• **Task brief**:
Among the entries below, retype exactly the lines starting with the one with "星の世界で見る26年は、「早" and going on through the one with "cuz you feel", but not the pictures.

• **Input material**:
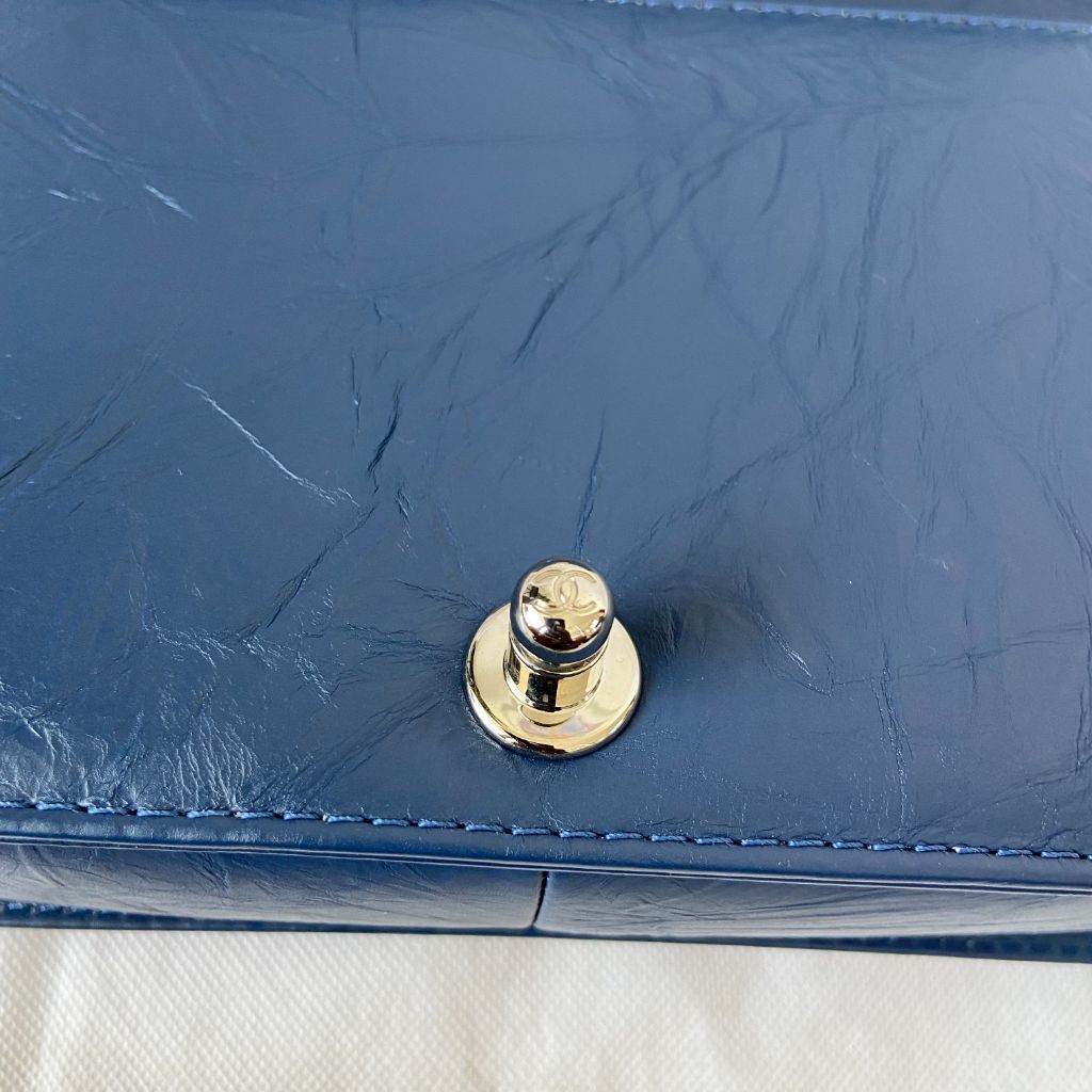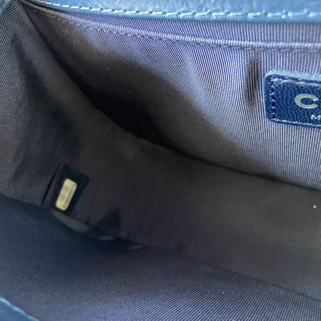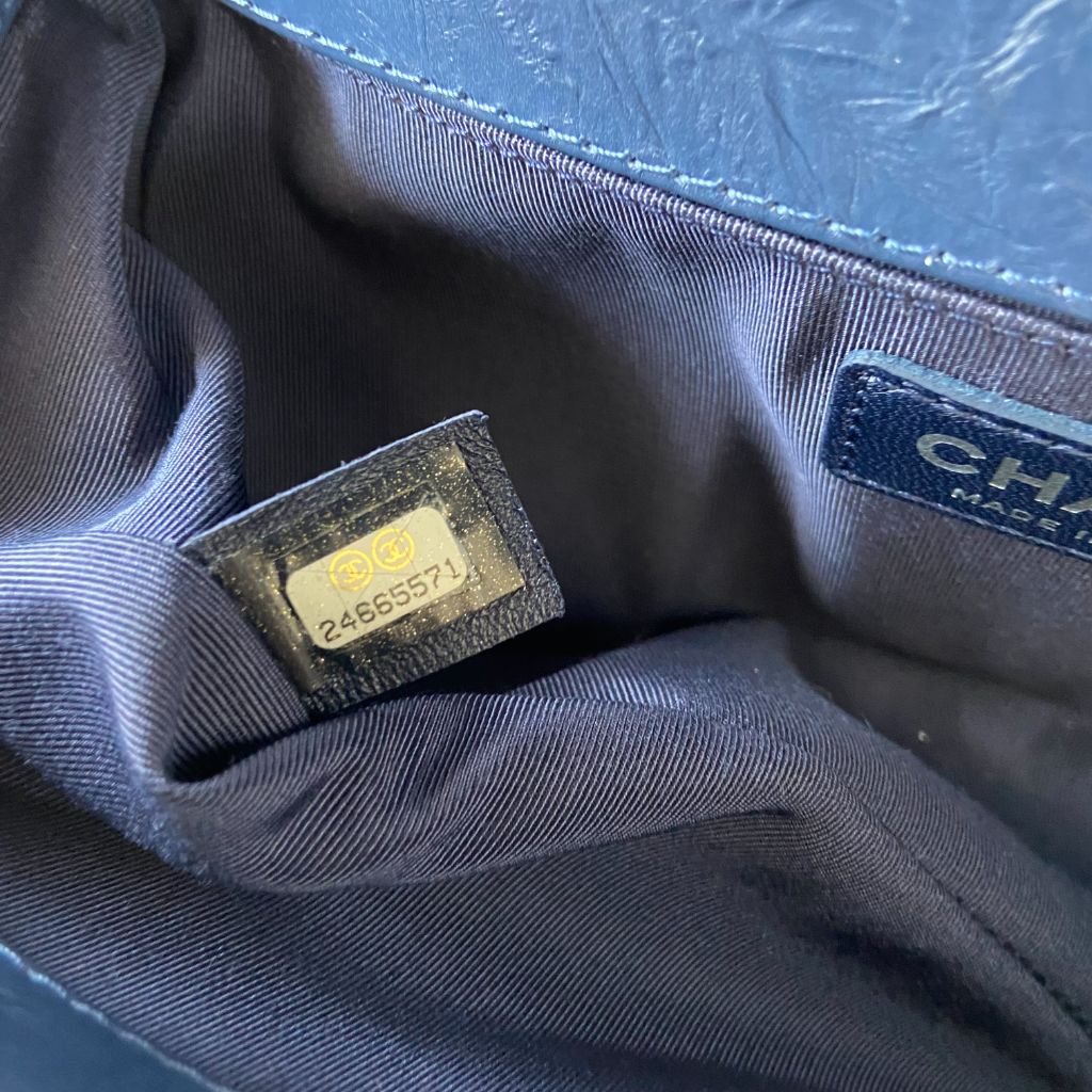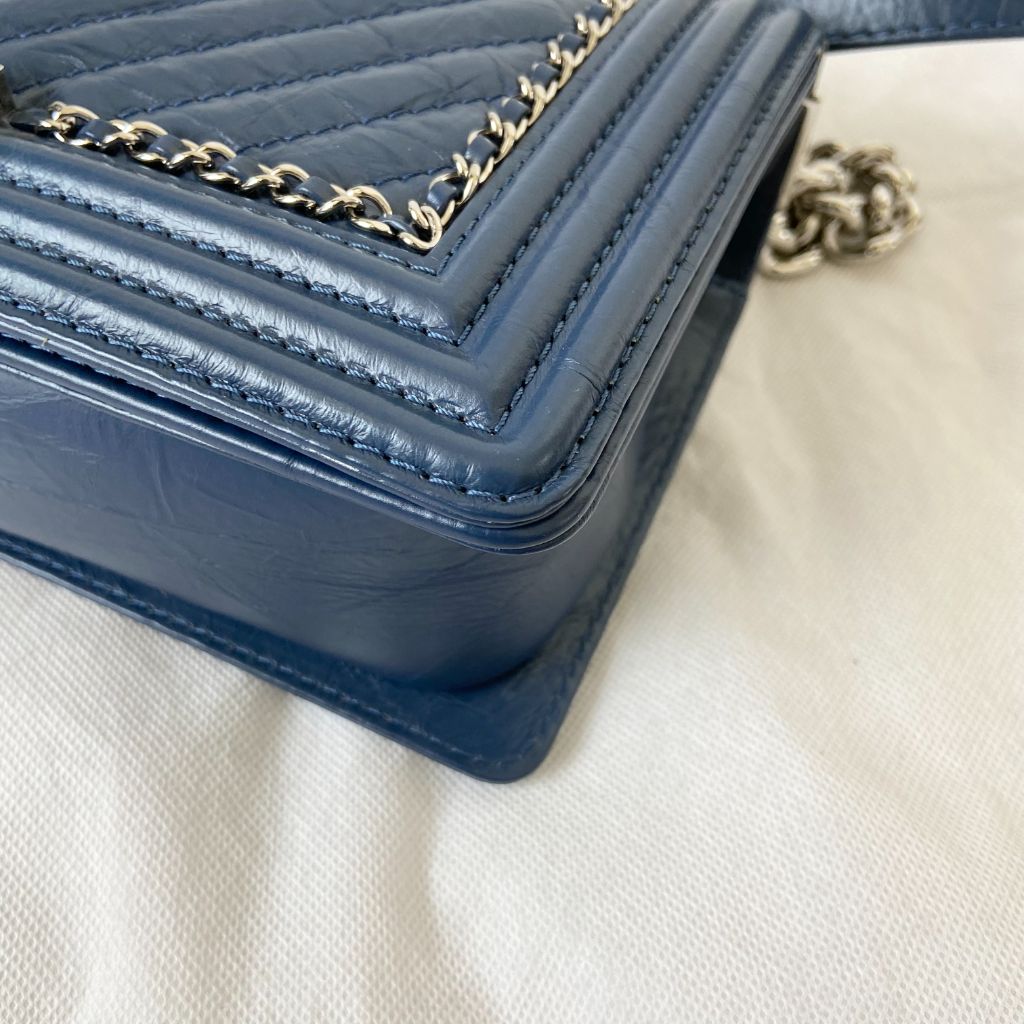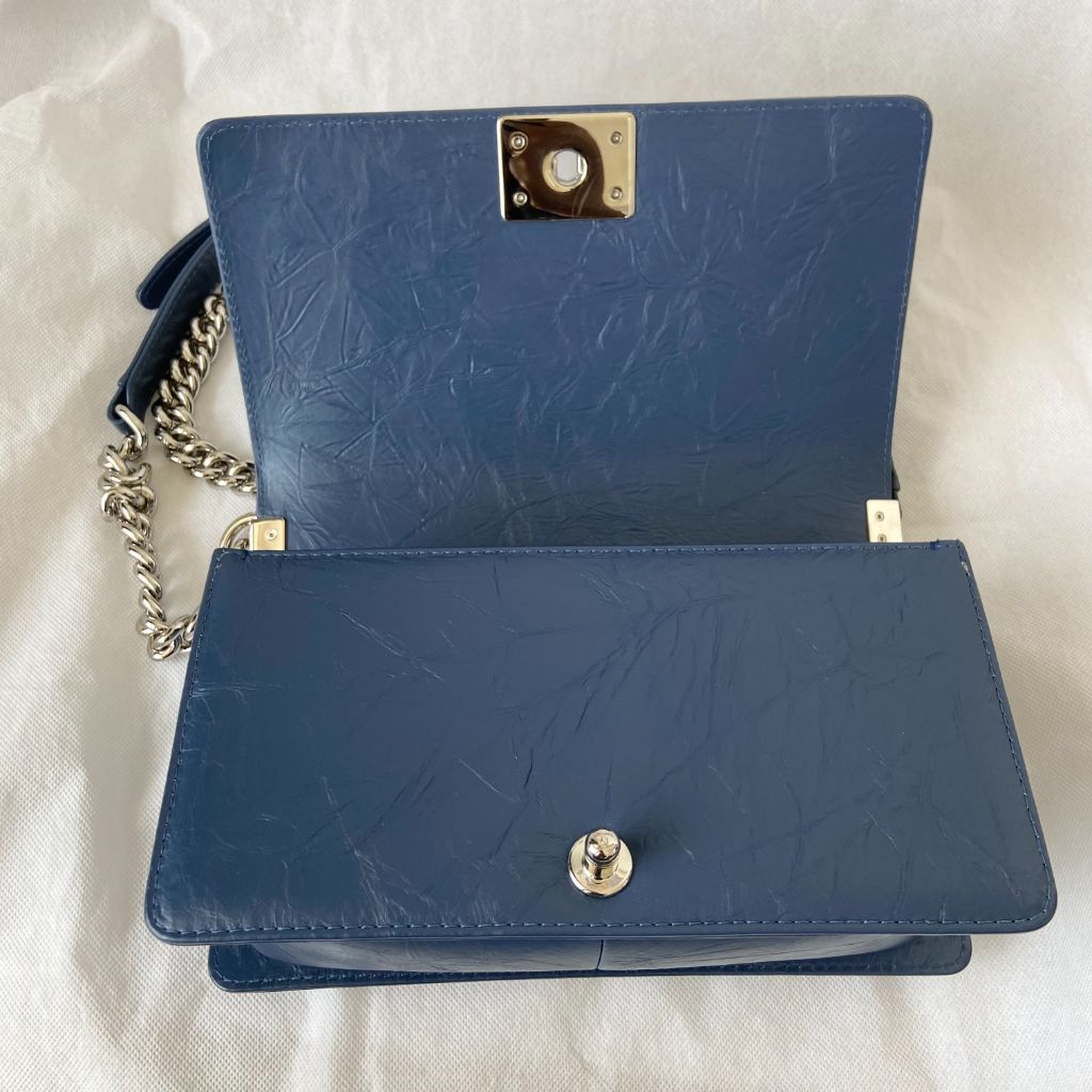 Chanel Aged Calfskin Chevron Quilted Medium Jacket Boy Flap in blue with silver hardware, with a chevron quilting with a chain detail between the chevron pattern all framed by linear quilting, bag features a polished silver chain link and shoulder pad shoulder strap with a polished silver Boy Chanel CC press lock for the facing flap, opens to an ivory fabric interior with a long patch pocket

--

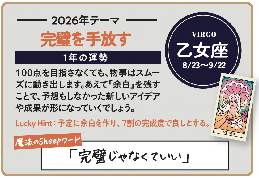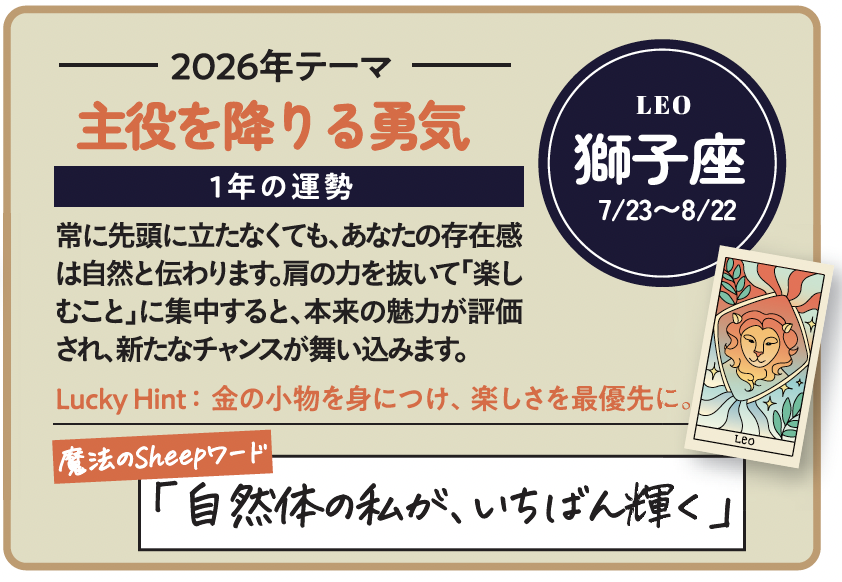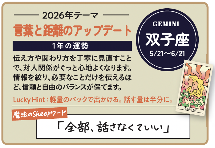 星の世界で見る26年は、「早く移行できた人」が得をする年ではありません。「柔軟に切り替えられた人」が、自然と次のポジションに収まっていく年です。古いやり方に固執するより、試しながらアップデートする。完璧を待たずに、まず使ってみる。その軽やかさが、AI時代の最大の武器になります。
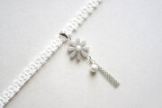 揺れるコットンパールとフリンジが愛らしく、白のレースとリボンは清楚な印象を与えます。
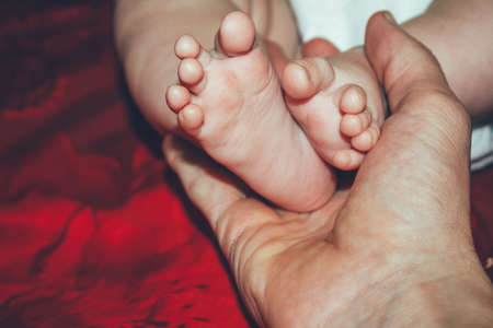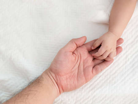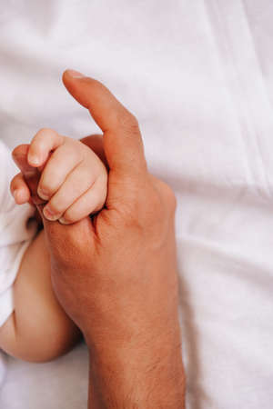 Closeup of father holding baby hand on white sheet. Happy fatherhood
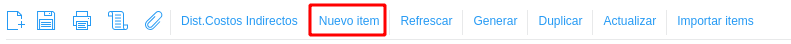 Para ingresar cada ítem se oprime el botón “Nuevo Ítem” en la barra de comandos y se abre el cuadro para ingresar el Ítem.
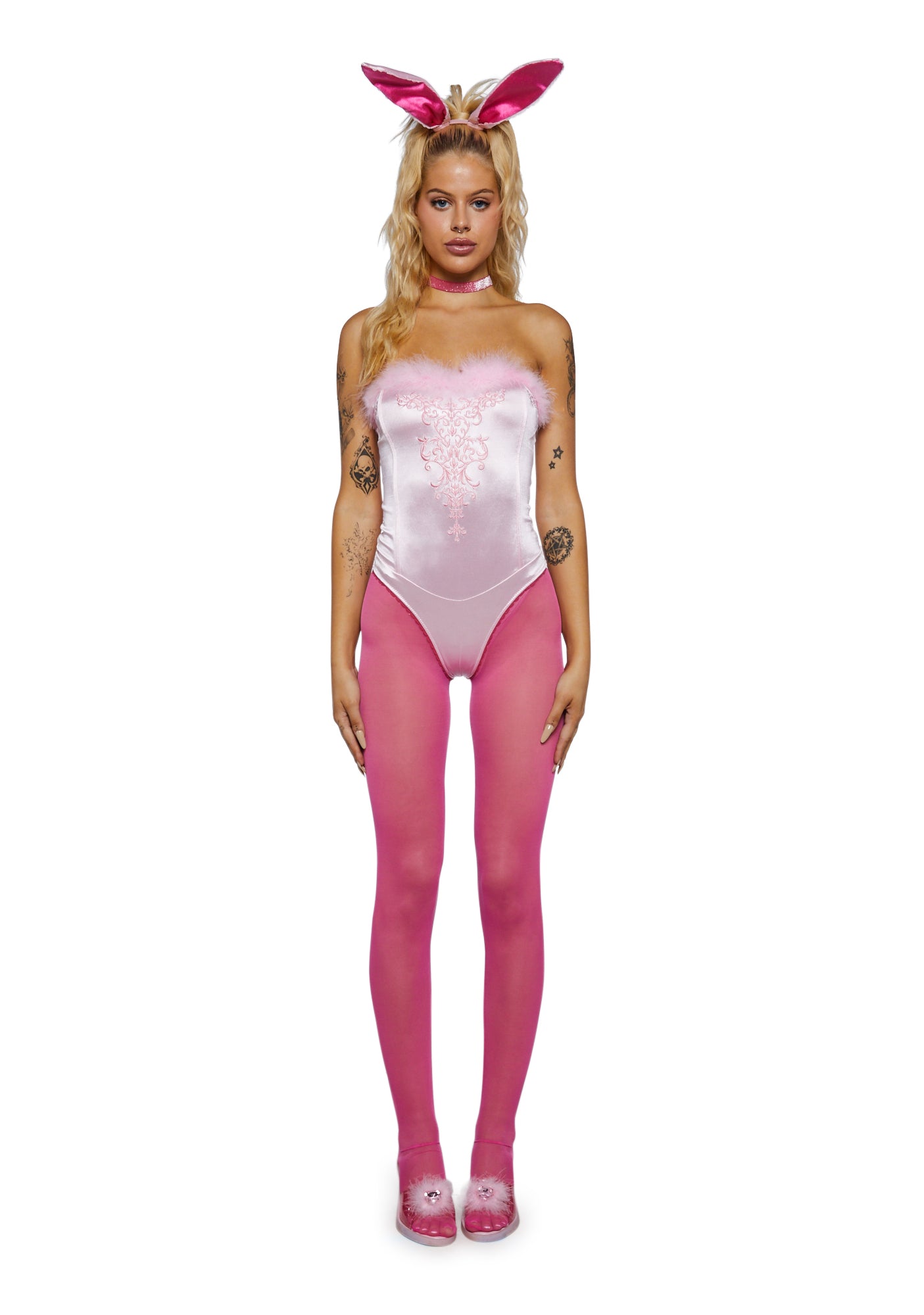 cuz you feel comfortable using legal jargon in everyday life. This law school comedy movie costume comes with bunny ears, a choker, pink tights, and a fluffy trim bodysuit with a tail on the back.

• **Response to this task**:
 星の世界で見る26年は、「早く移行できた人」が得をする年ではありません。「柔軟に切り替えられた人」が、自然と次のポジションに収まっていく年です。古いやり方に固執するより、試しながらアップデートする。完璧を待たずに、まず使ってみる。その軽やかさが、AI時代の最大の武器になります。
 揺れるコットンパールとフリンジが愛らしく、白のレースとリボンは清楚な印象を与えます。
 Closeup of father holding baby hand on white sheet. Happy fatherhood
 Para ingresar cada ítem se oprime el botón “Nuevo Ítem” en la barra de comandos y se abre el cuadro para ingresar el Ítem.
 cuz you feel comfortable using legal jargon in everyday life. This law school comedy movie costume comes with bunny ears, a choker, pink tights, and a fluffy trim bodysuit with a tail on the back.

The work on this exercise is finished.